• _Task item_
Word for word, copy all the data and drop the pictures.
● ● ●
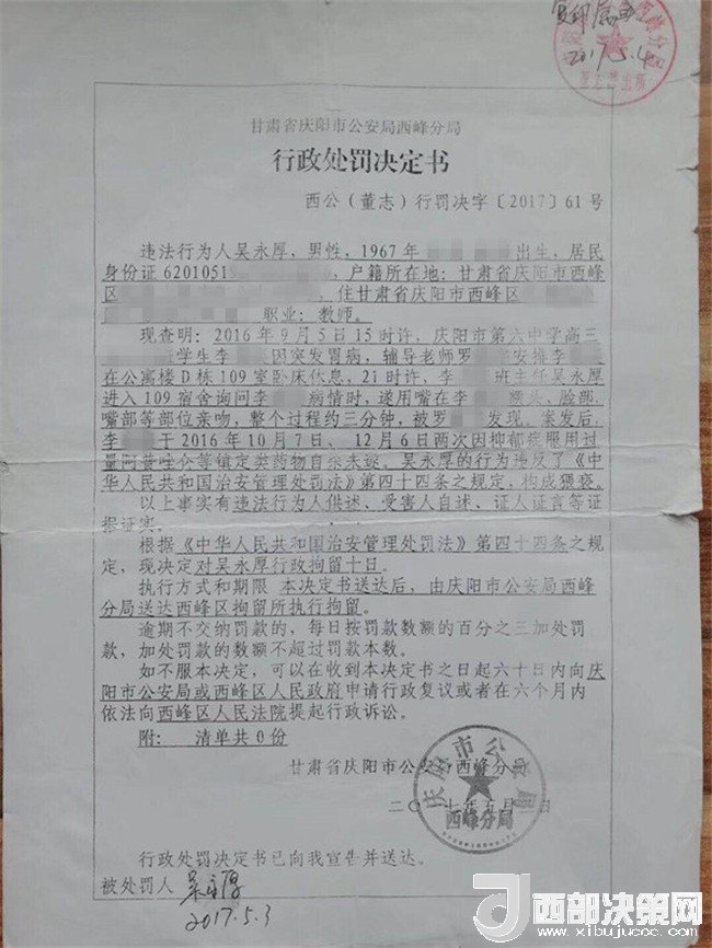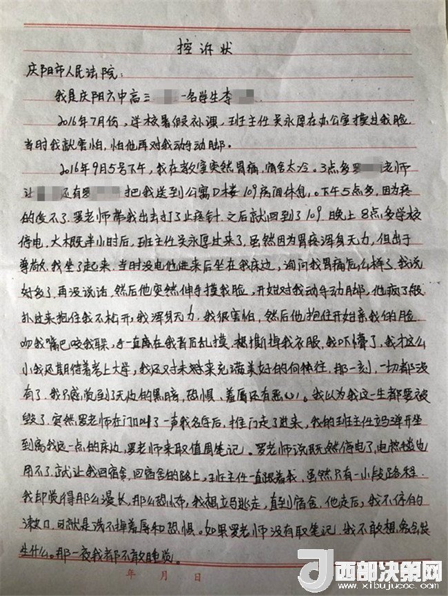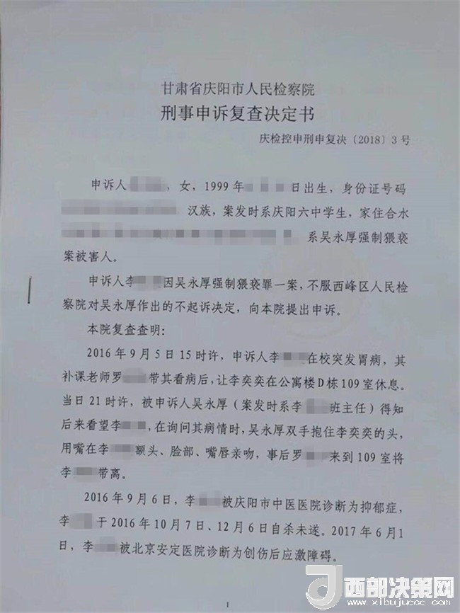 孩子叫李某奕,1999年4月出生,原慶陽六中高三(二)班學(xué)生,平時(shí)活潑開朗,勤奮好學(xué),成績?cè)诎嗉?jí)前列。然而,噩夢(mèng)從2016年9月開始了。2016年9月5日下午,當(dāng)時(shí)正在慶陽六中讀高三的李某奕突然胃疼,因?yàn)樗奚岜容^冷,被老師安排在教師公寓休息。晚上8點(diǎn)半左右,班主任吳某厚以探病為由進(jìn)入女兒休息的房間,詢問過后便開始摸臉、親吻、咬耳朵、摟抱李某奕,后因安排她休息的老師進(jìn)房間取東西才停止。此后她心里就有了陰影。她先找到學(xué)校心理輔導(dǎo)老師哭訴了自己的遭遇,心理輔導(dǎo)老師解決不了,又告訴了政教主任段老師。交談中段主任得知孩子的訴求是不想見到這位涉事老師,就答應(yīng)其要求。并肯定了孩子沒告訴家長是對(duì)的。
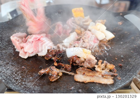 鉄板で焼く肉と海鮮のバーベキューシーン
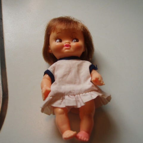 Andet, lille 12 cm dukke fra 70erne, lille 12 cm høj dukke mærket japan i nakken rødhåret i fin stand med oprindelig kjole og trusser . bevægelige arme og faste ben . sød finurligt smil. sendes for købers regning eller hentes her
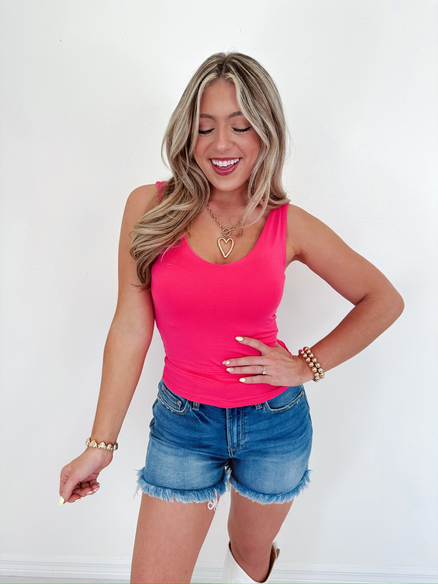 - Features a buttery soft double layer fabric, V-neck, tank straps, and a cropped length.
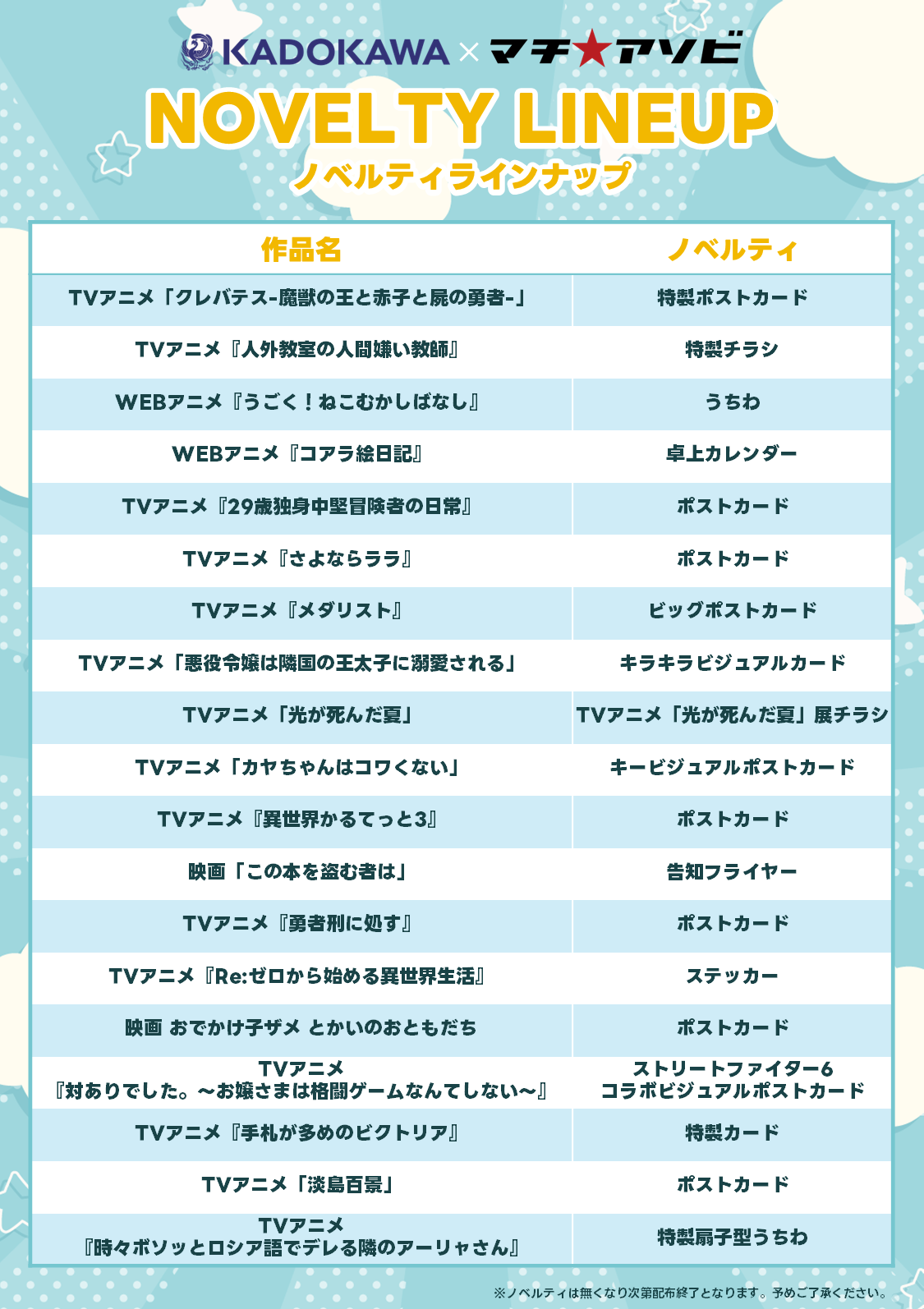 “マチ★アソビvol.29”KADOKAWAブースで配布されるノベルティ情報が公開された。
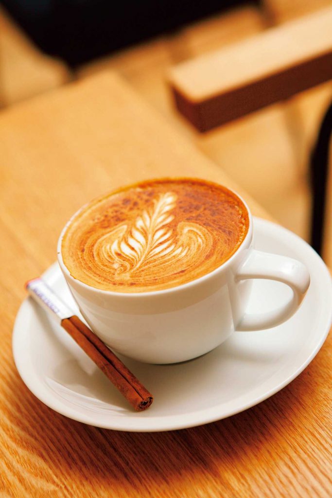 「シナモンカプチーノ」(600円)。繊細なラテアートにうっとり
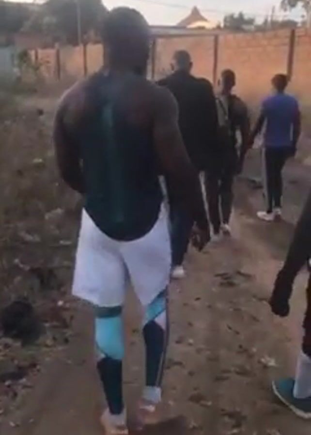 A group of people is walking away from the camera along a dirt path. There is a man in the front wearing a dark green tank top, white shorts and colorful compression leggings. He has well-defined muscles. There are several other men in the group, some wearing athletic attire. A brick wall lines the path on the right, with sparse vegetation on the left. The sky is light.
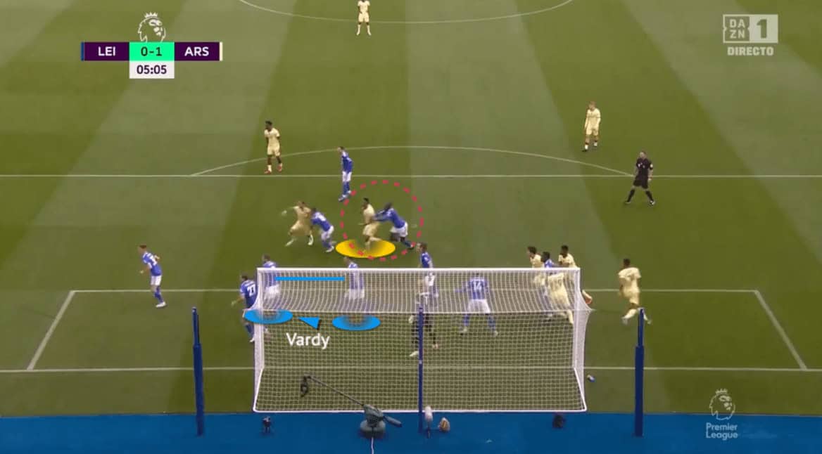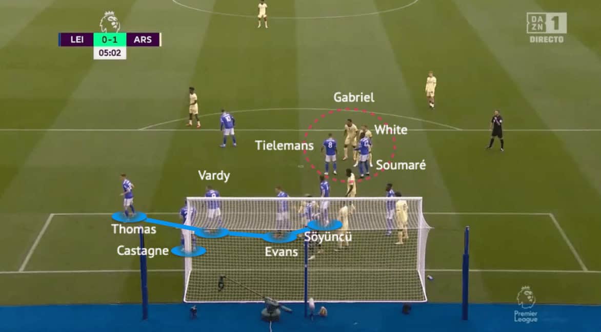 They conceded to Arsenal very early with the mixed approach this season. The zonal chain was formed by Thomas, Vardy, Evans, and Söyüncü, while Tielemans and Soumaré were the man-markers, dealing with the most dangerous opponents (Ben White and Gabriel Magalhães.
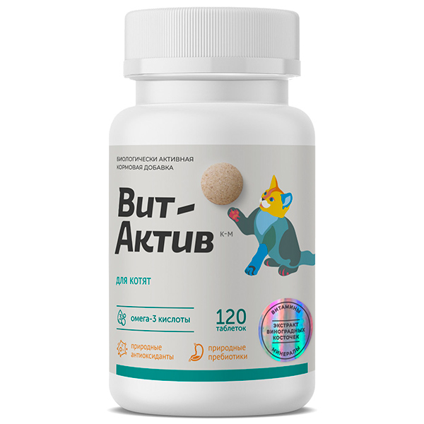 Вит-Актив для кошек К-М для котят 120 таб. корм. добавка акция -20% СРОК РЕАЛ 06.26
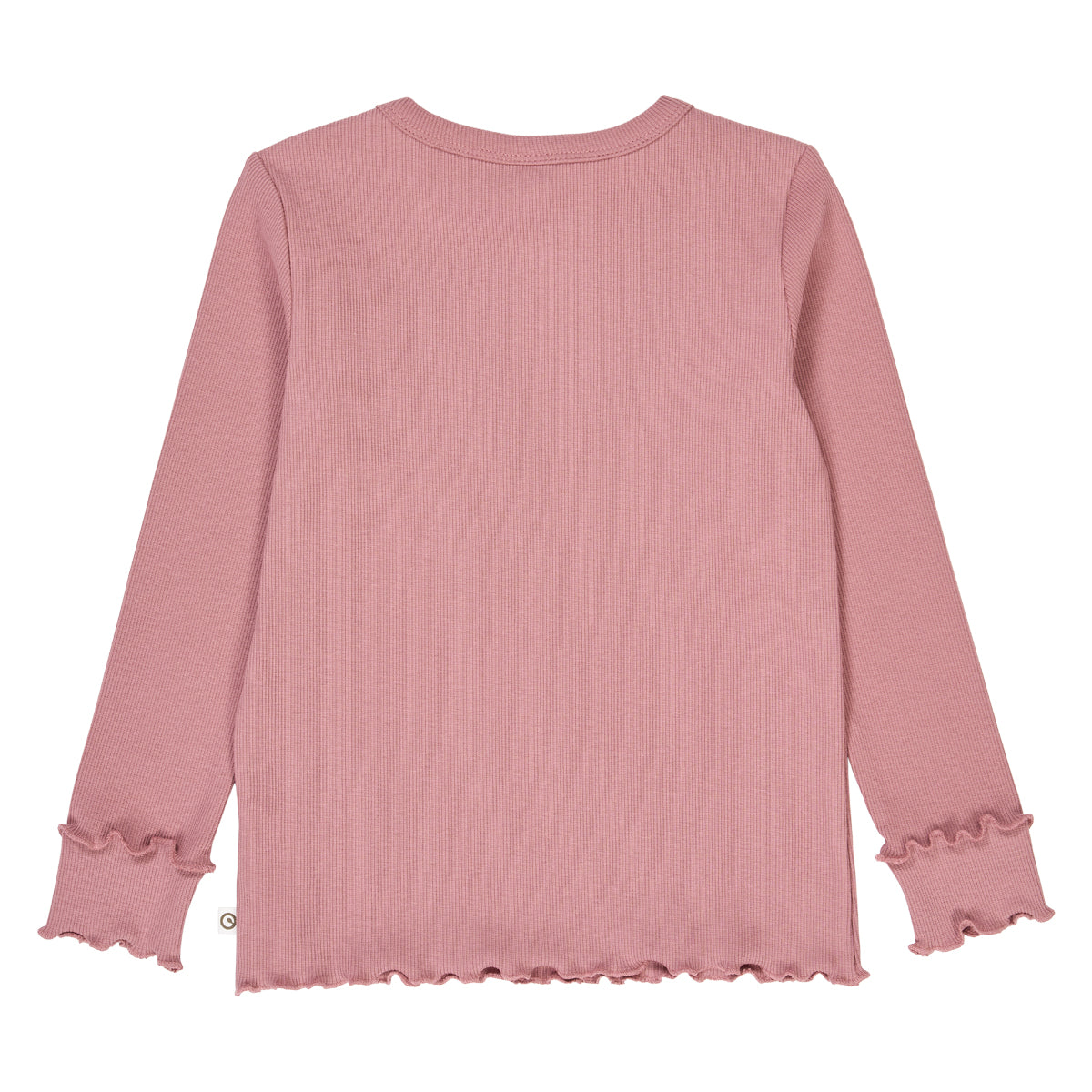 Dieses gerippte Langarmshirt von Müsli ist ein weiches Basic mit verspieltem Touch. Die zarten Rollsäume an Ärmeln und Saum setzen hübsche Akzente, ohne aufdringlich zu wirken.
● ● ●
• _Reply to the task_
 孩子叫李某奕,1999年4月出生,原慶陽六中高三(二)班學(xué)生,平時(shí)活潑開朗,勤奮好學(xué),成績?cè)诎嗉?jí)前列。然而,噩夢(mèng)從2016年9月開始了。2016年9月5日下午,當(dāng)時(shí)正在慶陽六中讀高三的李某奕突然胃疼,因?yàn)樗奚岜容^冷,被老師安排在教師公寓休息。晚上8點(diǎn)半左右,班主任吳某厚以探病為由進(jìn)入女兒休息的房間,詢問過后便開始摸臉、親吻、咬耳朵、摟抱李某奕,后因安排她休息的老師進(jìn)房間取東西才停止。此后她心里就有了陰影。她先找到學(xué)校心理輔導(dǎo)老師哭訴了自己的遭遇,心理輔導(dǎo)老師解決不了,又告訴了政教主任段老師。交談中段主任得知孩子的訴求是不想見到這位涉事老師,就答應(yīng)其要求。并肯定了孩子沒告訴家長是對(duì)的。
 鉄板で焼く肉と海鮮のバーベキューシーン
 Andet, lille 12 cm dukke fra 70erne, lille 12 cm høj dukke mærket japan i nakken rødhåret i fin stand med oprindelig kjole og trusser . bevægelige arme og faste ben . sød finurligt smil. sendes for købers regning eller hentes her
 - Features a buttery soft double layer fabric, V-neck, tank straps, and a cropped length.
 “マチ★アソビvol.29”KADOKAWAブースで配布されるノベルティ情報が公開された。
 「シナモンカプチーノ」(600円)。繊細なラテアートにうっとり
 A group of people is walking away from the camera along a dirt path. There is a man in the front wearing a dark green tank top, white shorts and colorful compression leggings. He has well-defined muscles. There are several other men in the group, some wearing athletic attire. A brick wall lines the path on the right, with sparse vegetation on the left. The sky is light.
 They conceded to Arsenal very early with the mixed approach this season. The zonal chain was formed by Thomas, Vardy, Evans, and Söyüncü, while Tielemans and Soumaré were the man-markers, dealing with the most dangerous opponents (Ben White and Gabriel Magalhães.
 Вит-Актив для кошек К-М для котят 120 таб. корм. добавка акция -20% СРОК РЕАЛ 06.26
 Dieses gerippte Langarmshirt von Müsli ist ein weiches Basic mit verspieltem Touch. Die zarten Rollsäume an Ärmeln und Saum setzen hübsche Akzente, ohne aufdringlich zu wirken.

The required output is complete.